→ **Aim of the exercise**: Within the records below, find the line with "Martedì 19 maggio" and the line with "2019年3月28日,庆祝西", then reproduce exactly those two lines and all lines between them, without any picture.

→ **Records to use**:
★ ★ ★ ★

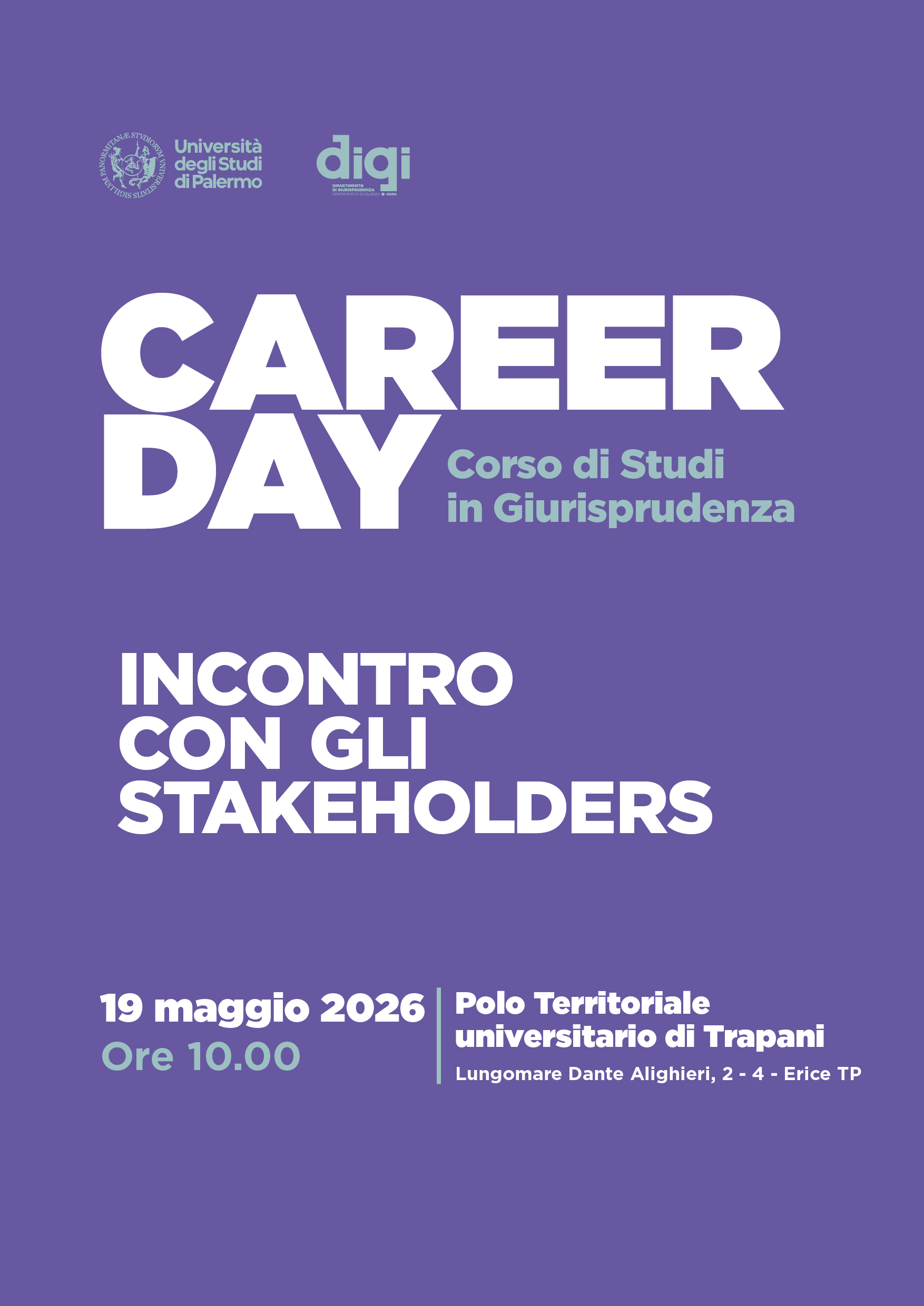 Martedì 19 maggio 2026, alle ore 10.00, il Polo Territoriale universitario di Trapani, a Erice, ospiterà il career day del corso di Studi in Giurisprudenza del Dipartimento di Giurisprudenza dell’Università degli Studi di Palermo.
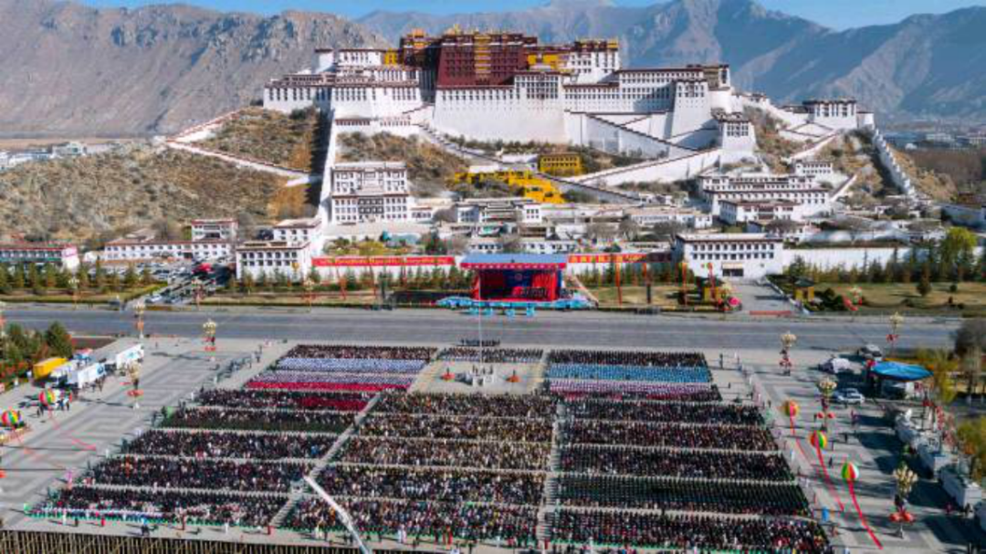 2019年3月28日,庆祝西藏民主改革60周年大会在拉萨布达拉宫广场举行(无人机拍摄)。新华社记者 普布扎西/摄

★ ★ ★ ★

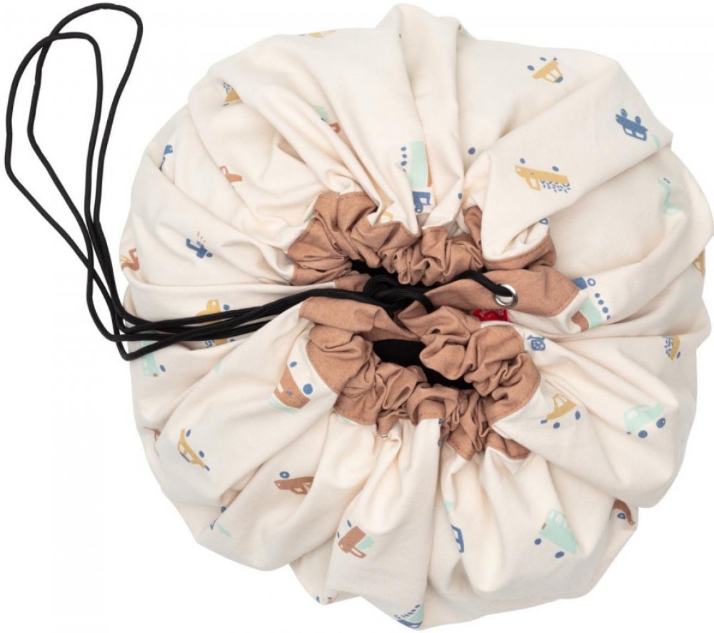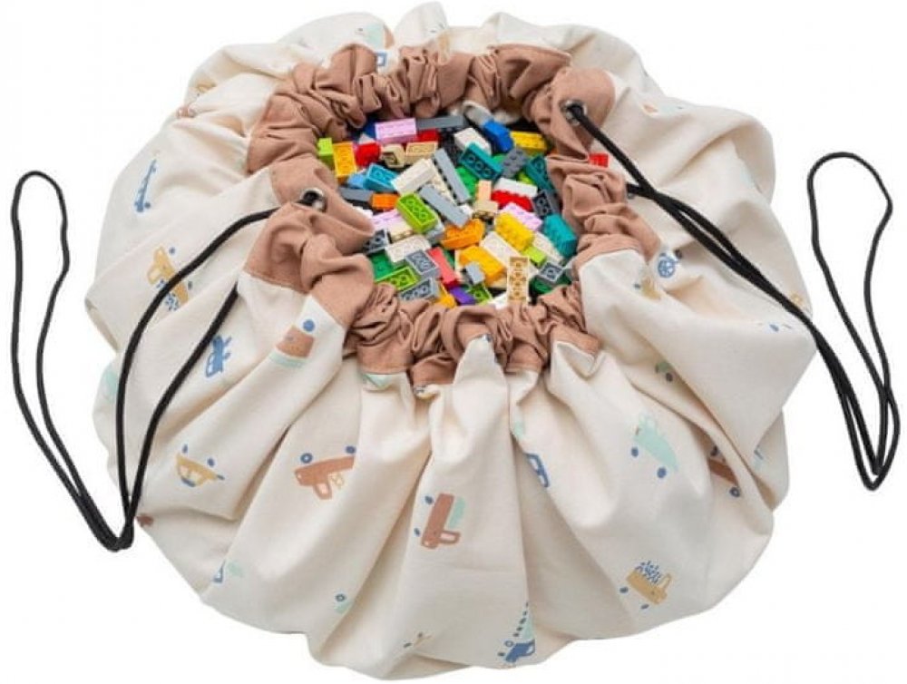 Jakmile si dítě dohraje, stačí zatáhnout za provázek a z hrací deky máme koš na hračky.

★ ★ ★ ★

→ **Task output**:
 Martedì 19 maggio 2026, alle ore 10.00, il Polo Territoriale universitario di Trapani, a Erice, ospiterà il career day del corso di Studi in Giurisprudenza del Dipartimento di Giurisprudenza dell’Università degli Studi di Palermo.
 2019年3月28日,庆祝西藏民主改革60周年大会在拉萨布达拉宫广场举行(无人机拍摄)。新华社记者 普布扎西/摄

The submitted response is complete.